WEST PALM BEACH, Fla. – An announcement Friday by Gov. Ron DeSantis on proposals to this year’s legislative session to tighten Florida’s voting procedures felt more like a Republican campaign rally, with the governor inviting former GOP state party Chairman Blaze Drinkwine to make remarks slamming New York and its governor, Andrew Cuomo.
“The result of 2020, from an administrative perspective, was that Florida had the most transparent and efficient election anywhere in the country,” DeSantis said to the cheering crowd. “The results speak for themselves, but we also can’t rest on our laurels. We need to make sure that we continue to stay ahead of the curve.”
DeSantis began his appearance at a hotel at the Palm Beach International Airport by reminding the audience that among his first acts as governor was to remove the election supervisors in both Palm Beach and Broward counties and slamming other states that took days to count votes from the presidential election. He did not mention that those states operate under different laws that don’t allow them to begin counting mail-in ballots until after the polls close on election day.
DeSantis is looking to outlaw the practice of “ballot harvesting” -- a practice that allows third parties to collect and deliver ballots in some states. Current law prevents this from being done by people paid to do the work, but the governor would also ban the practice by volunteers.
The governor also took aim at ballot-collection boxes anywhere other than each county’s supervisor of elections office. He said these posed a risk for people looking to destroy or manipulate ballots.
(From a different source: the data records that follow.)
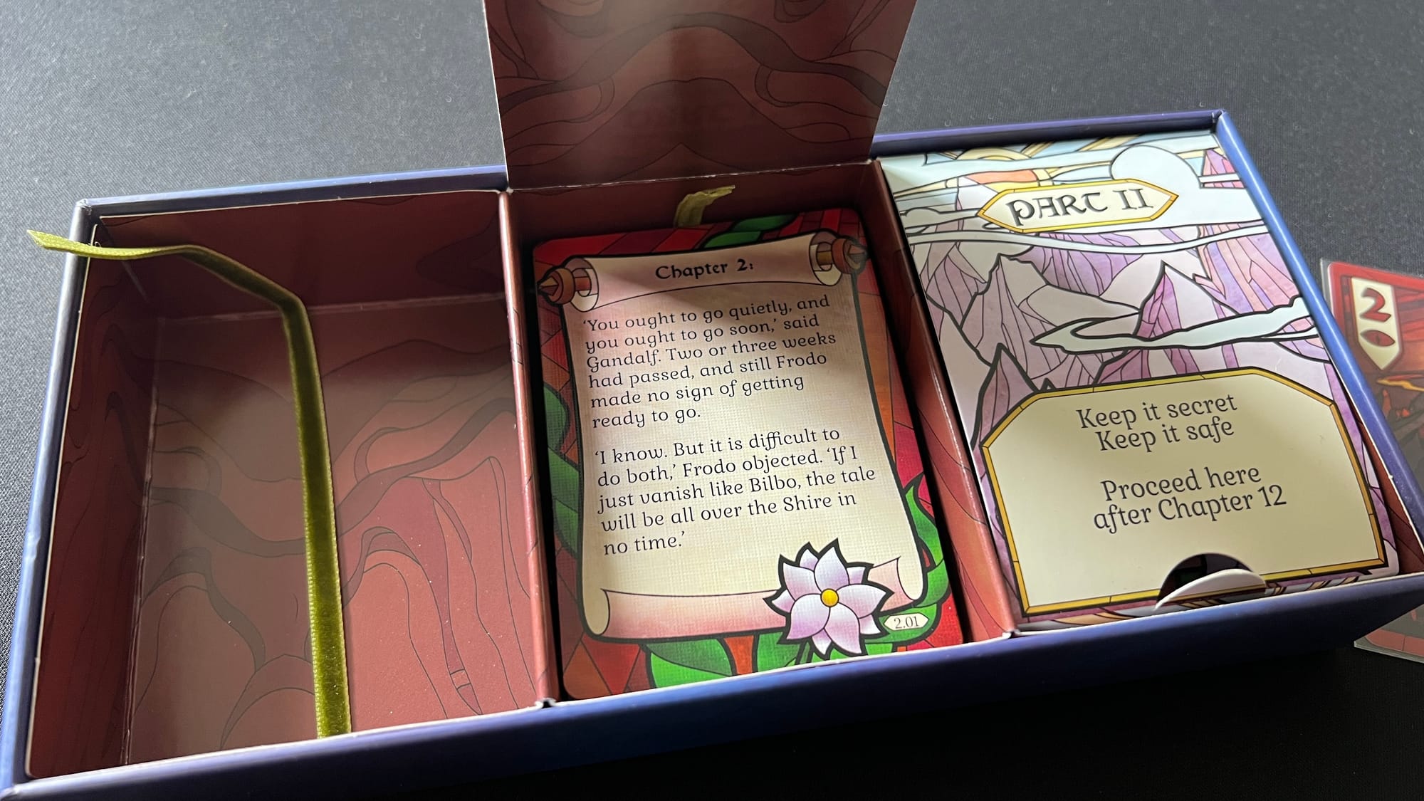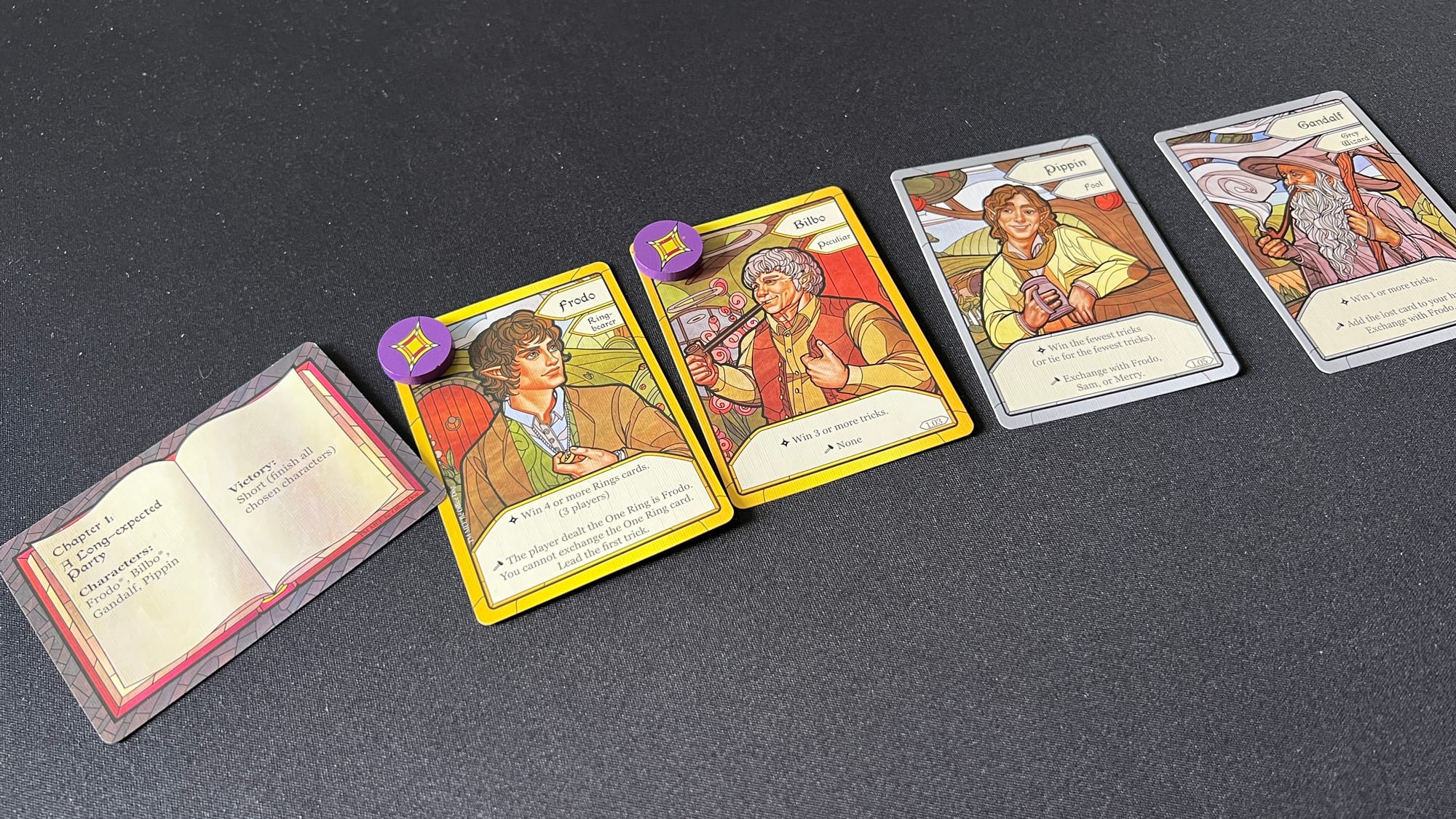 The production of this game is absolutely stunning. The artwork is all done in a stained glass window motif that highlights different aspects of the suits and characters. Artists Elaine Ryan and Samuel R. Shimota weave different colors throughout, adding an immersive wonder to the gameplay experience. The packaging comes in a small box with three different compartments, allowing for easy storage. Another nice touch is the inclusion of ribbons in the card compartments to help remove the cards from the box. Apart from cards, the game comes with 5 special tokens and a rule book. 4 tokens are used to mark characters that must be chosen in a given chapter and one larger token features a graphic of the one ring and is used to indicate when rings have entered the game and can then be led. The rule book is concise and easy to follow. The book starts with the basics needed to play through the introductory first chapter and allows you to experience the game before throwing in further rules. The outlines for the various player counts and variable gameplay are also easy to follow. My only downside for the production is the card quality. After one game, cards showed some signs of wear and tear and warping. This was easily fixed by sleeving the cards, but one might expect some higher quality from cards that will be handled and shuffled constantly.
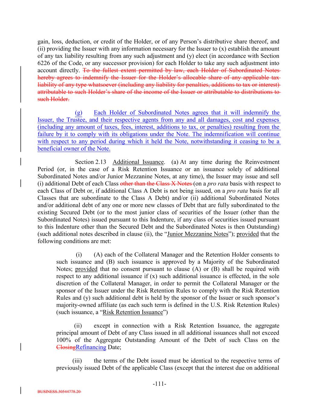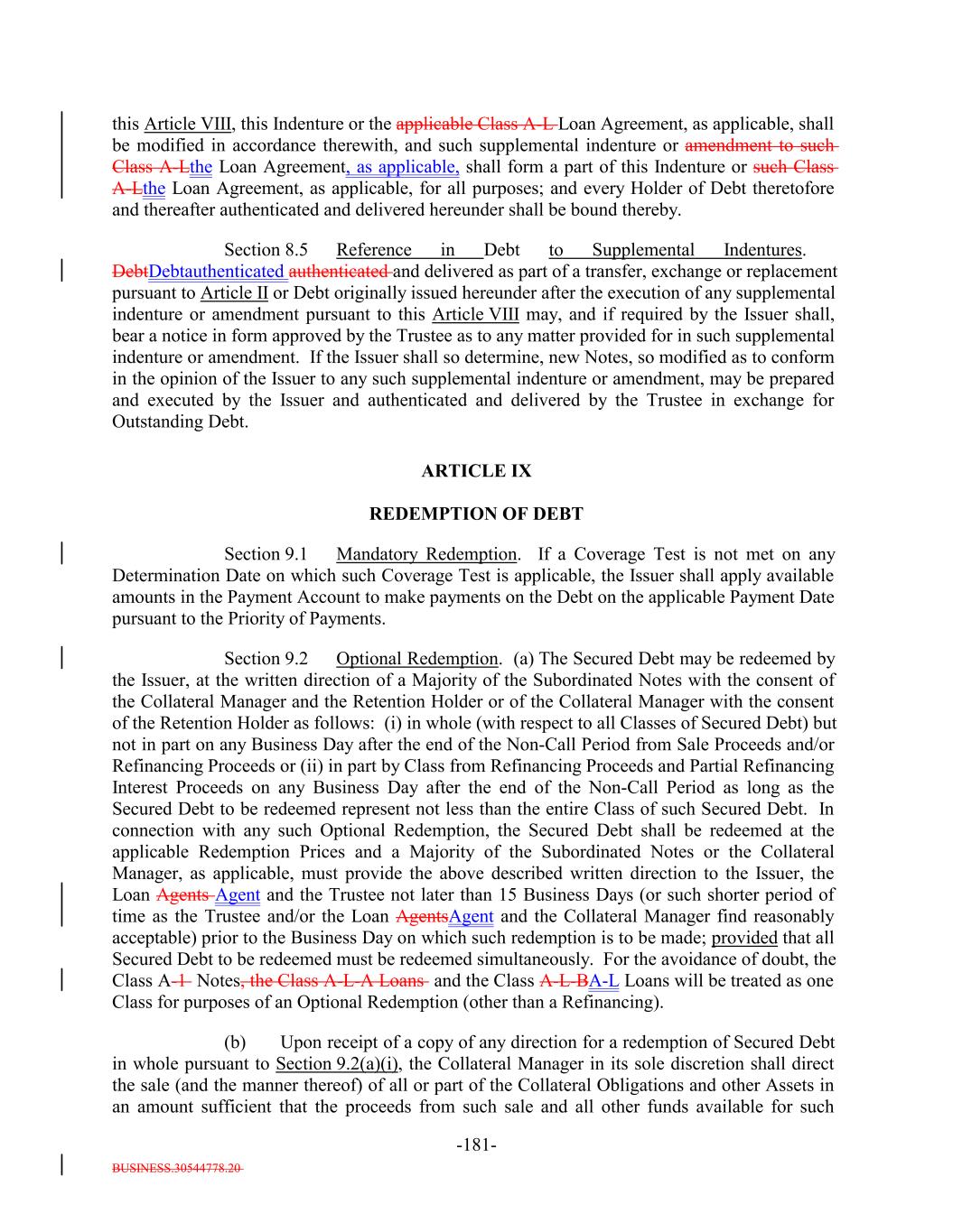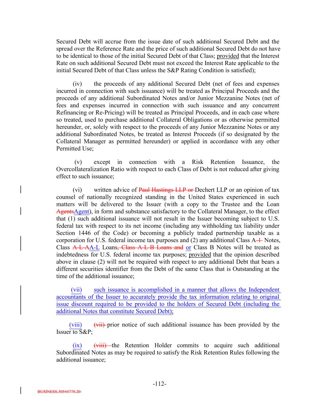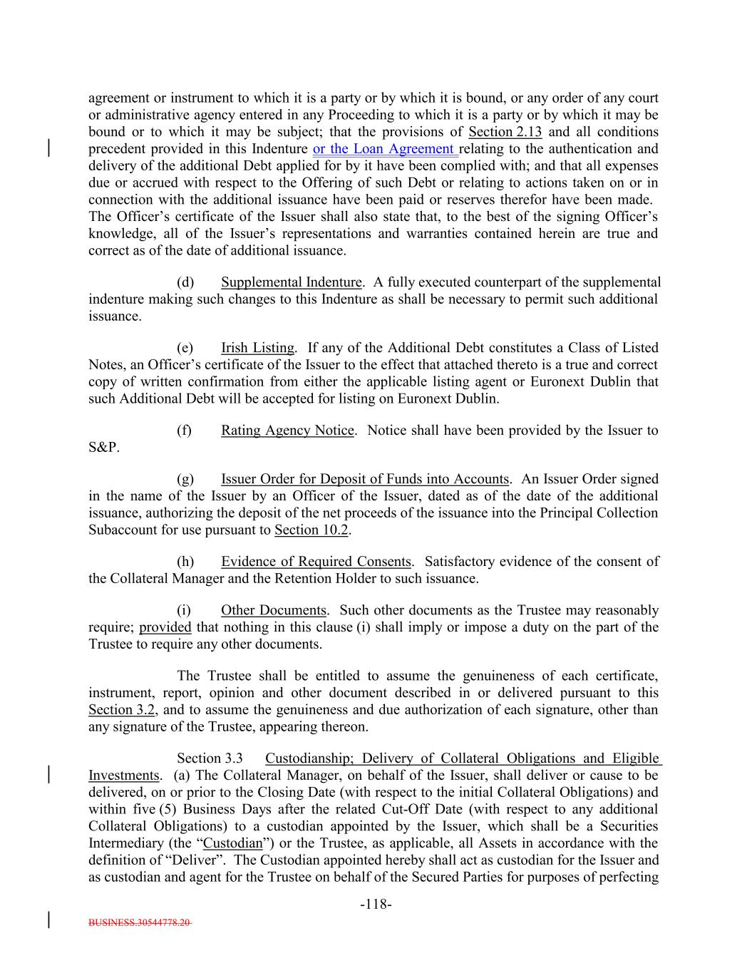 BUSINESS.30544778.20 TABLE OF CONTENTS Page -i- ARTICLE I DEFINITIONS Section 1.1 Definitions 2 Section 1.2 Usage of Terms 7774 Section 1.3 Assumptions as to Assets 7874 ARTICLE II THE DEBT Section 2.1 Forms Generally 8178 Section 2.2 Forms of Notes 8178 Section 2.3 Authorized Amount; Stated Maturity; Denominations 8379 Section 2.4 Execution, Authentication, Delivery and Dating. 8480 Section 2.5 Registration, Registration of Transfer and Exchange. 8581 Section 2.6 Mutilated, Defaced, Destroyed, Lost or Stolen Note. 9490 Section 2.7 Payment of Principal and Interest and Other Amounts; Principal and Interest Rights Preserved 9490 Section 2.8 Persons Deemed Owners 9793 Section 2.9 Cancellation 9793 Section 2.10 DTC Ceases to be Depository 9894 Section 2.11 Non-PermittedNon-Permitted Holders. (a) 9995 Section 2.12 Tax Treatment and Tax Certifications 10096 Section 2.13 Additional Issuance. 10399 Section 2.14 Conversion of Class A-L-A Loans to Class A-1 Notes. 105 ARTICLE III CONDITIONS PRECEDENT Section 3.1 Conditions to Issuance of Debt on Closing Date. 106[Reserved]. 101 Section 3.2 Conditions to Additional Issuance. 109101 Section 3.3 Custodianship; Delivery of Collateral Obligations and Eligible Investments. 111103
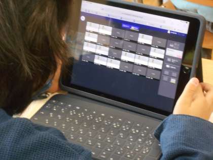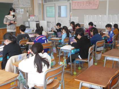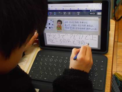 「見えない数はいくつかな」を学習していました。さいころあそびのきまりに合っていないさいころを見て、どこがきまりにあってないのか?なぜそう考えるのか?自分で考えてタブレット上で友達の考えを見ていました。2年生も、タブレットを活用して、学習を深めています。
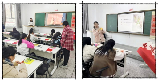 折纸环节,纸艺社指导教师高佳丽老师以彩纸演绎“指尖生花”的魔法,细致讲解立体玫瑰制作流程。层叠的褶皱化为永不凋零的玫瑰,每一瓣都凝聚着柔韧与力量,师生们专注折叠,将祝福与敬意融入作品,这一枝枝玫瑰不仅是伴手礼物,更是对新时代女性‘芳华自成’的致敬。
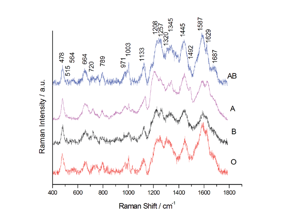 SERS spectra of RBCs of ABO blood groups recorded with 785 nm laser line.
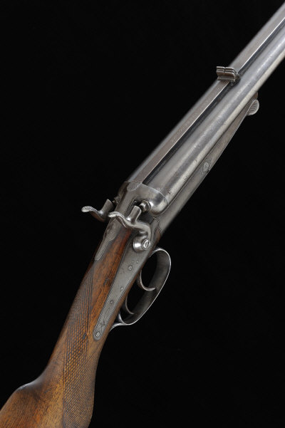 28 1/2-inch barrels, the 16-bore smoothbore barrel with 2 1/2-inch chamber about 3/4 choke boring, the 20-bore barrel rifled, solid rib with folding leaf sight, the frame, rebounding back locks and hammers with border engraving, Lefaucheux action, 14-inch stock with pistol grip, cheekpiece and steel butt plate, 7lb. 6oz., nitro and black powder re-proof
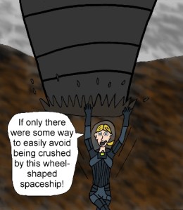 As the massive round alien spaceship falls to the surface, it starts to roll, and Shaw and Vickers find themselves directly in the path. Of the round…wheel-like spaceship. Apparently, running around on the surface of the planet too much must have fried their brains, however, because rather than running left or right out of the path of the gigantic spaceship, they try to outrun it, instead.
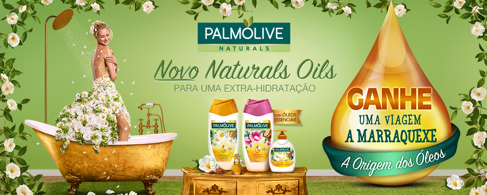 Ganha o participante que enviar a frase mais criativa, e que inclua as palavras "Palmolive", "Óleos" e "Naturals".
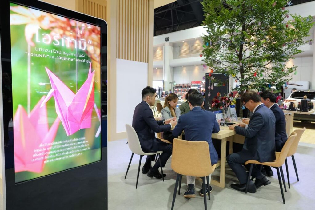 มาสด้าจัดงาน MAZDA6e VIP DAY เชิญลูกค้าสัมผัสประสบการณ์ใหม่ที่สะท้อนจิตวิญญาณของมาสด้า ผ่าน 3 กิจกรรมพิเศษกับ Experience Zone ณ บูธมาสด้า ในงาน มอเตอร์ โชว์ 2026 โดยเนรมิตพื้นที่จัดให้มีทั้ง “AI PHOTO BOOTH EXPERIENCE: บันทึกภาพที่ระลึกผ่าน Photo Booth AI”, “JAPANESE TEA CEREMONY EXPERIENCE: กิจกรรมชงชาแบบญี่ปุ่น” และ “ORIZURU WORKSHOP: กิจกรรมพับนกโอริซูรุ” สัญลักษณ์แห่งความหวังและสันติภาพ ที่มาสด้าจะส่งต่อไปยังฮิโรชิม่า ประเทศญี่ปุ่น เพื่อเป็นตัวแทนจากประเทศไทย โดยให้ลูกค้าได้ใช้เป็นพื้นที่พักผ่อนหย่อนใจและแชร์ประสบการณ์ความสุขความสุขร่วมกัน นอกจากนี้ มาสด้ายังมอบของที่ระลึกสุดเอ็กซ์คลูซีฟ Mazda6e Leather Phone Stand สำหรับลูกค้า 300 ท่านแรก ที่ลงทะเบียนเข้าร่วมงานในวันนี้อีกด้วย ซึ่งสิทธิพิเศษนี้ เป็นสิ่งที่มาสด้าตั้งใจมอบให้กับลูกค้า เพื่อสร้างสรรค์ประสบการณ์ความสุขให้กับทุกช่วงเวลาของชีวิตตามปรัชญาแบรนด์ “Joy Drives Lives” ที่มาสด้ามุ่งมั่นเสมอมา
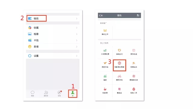 如下图所示,打开微信,按顺序点击 “我”—“钱包”—“电影演出赛事”,进入猫眼购票页面
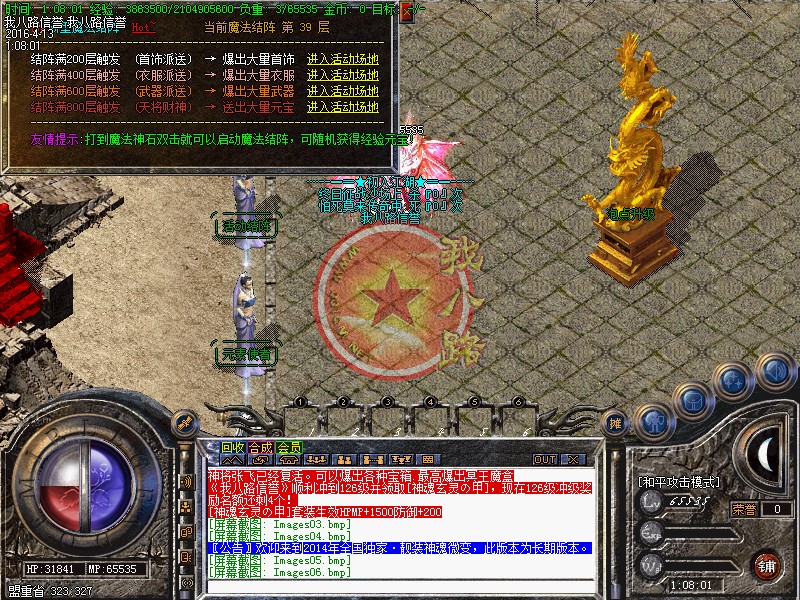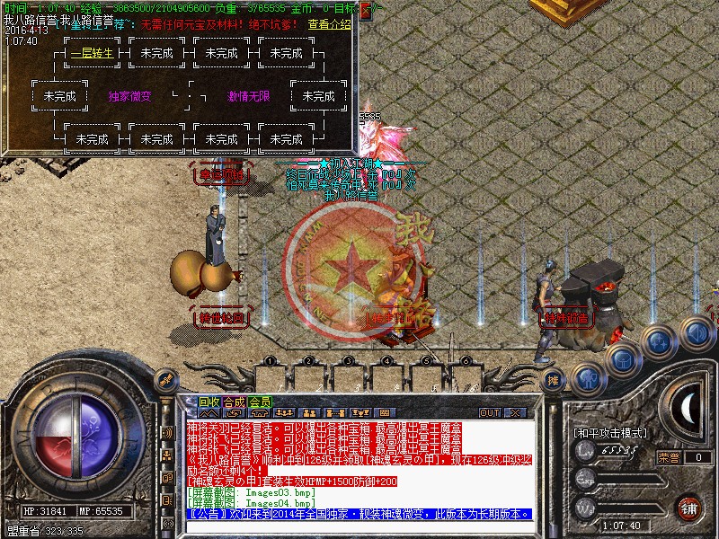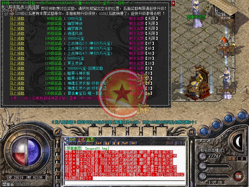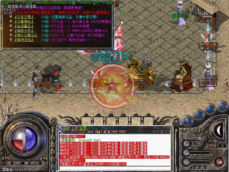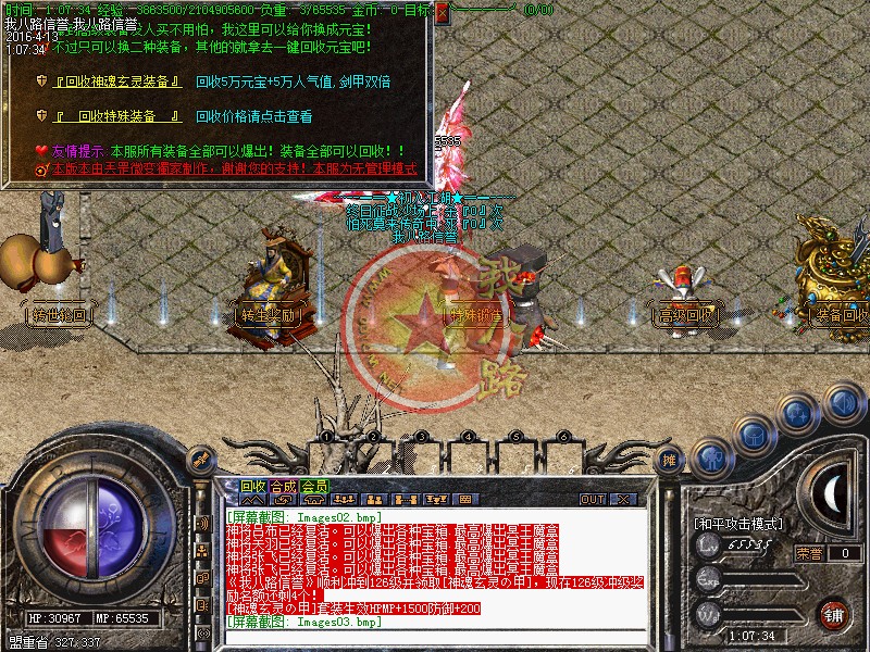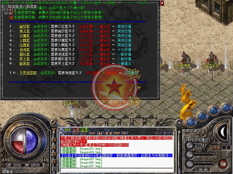 本传奇版本所有装备均可在游戏中获得,越高级的装备暴率越低,但是绝对能暴,短期不能打到只是运气问题。新区奖励350W元宝+城主充值现金返还.老区奖励200W元宝!本服升级快,升级奖励丰厚.每5级奖励一次.新区冲级奖励海量元宝!前期升级非常快,不出一小时绝对能到110级,不会枯燥的泡半天还不能去打装备 !地图超多.BOSS定时定点刷新.暴率高.会员增加BOSS之家.刷全服所有BOSS !请玩家注意刷新时间!活动多多.激情多多【活动魔王】爆暗黑斗神以下装备.散人玩家不再寂寞.游戏体验!增加道士和法师威力.道士召唤牛B宝宝.飓风破强悍.法师火墙.冰咆哮绝对叼!本服元宝回收超高!会员回收加倍!还有高级装备回收哦!不怕装备放仓库浪费!具体查看NPC!等级超过120级,传奇一条龙技术会推出一些新的功能,绝对长久耐玩!
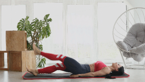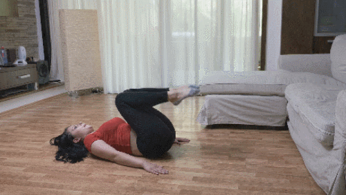 매트에 누운 상태로 등을 안정적으로 바닥에 고정하세요. 그리고 다리를 들고, 발끝을 뻗어줍니다. 그런 다음 무릎을 구부리면서 다리를 당겼다가 펴주는 동작을 반복하세요. 1분 동안 진행합니다.
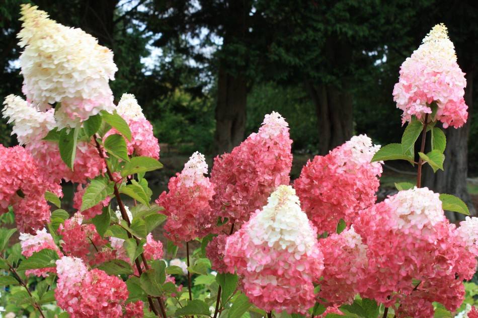 Хортензиите са бяло-розови метлички, най-често срещани в градините:

“You can’t leave these boxes unattended,” DeSantis said. “I think that you can take it, put it in the mail or take it to the elections office. Why do you need to have these things out there?”
UNCUT: Gov. DeSantis’ full remarks in West Palm Beach
Because of the volume of mail ballots being used last year due to the pandemic and widely reported issues about delivery problems at the U.S. Postal Service, most large counties in Florida made extra drop boxes available -- often at early voting sites that were staffed by elections workers.
DeSantis also is asking the Legislature to write into state law that ballots can only be mailed to registered voters who request them -- not automatically sent to everyone on the voter rolls. Florida has never mailed ballots to all voters as a few other states have done, but the governor wants to make sure it never happens.
The state’s Democratic Party officials quickly responded, accusing Republican of wanting to undo the gain in the number of Floridians who voted by limiting access to the ballot box in future elections.
“Why do Florida Republicans want to limit vote by mail access? Well it all comes down to who has access to the franchise,” Florida Democratic Party Executive Director Marcus Dixon said. “So even though the vote by mail system worked well here in Florida this past election, any time too many people have easy access to the ballot box, Republicans feel like they need to change the rules.”
Newly election state Democratic Party Chairman Manny Diaz also took issue with DeSantis’ proposals.
“This is not an issue of Republicans versus Democrats, but instead an issue of Republicans versus democracy,” Diaz said. “Florida Republicans keep showing us that when given a choice between defending the rights of voters, or suppressing voter access, disturbingly they will all too gladly suppress, harm and sacrifice our most sacred Constitutional right, on the altar of preserving power for the sake of power.”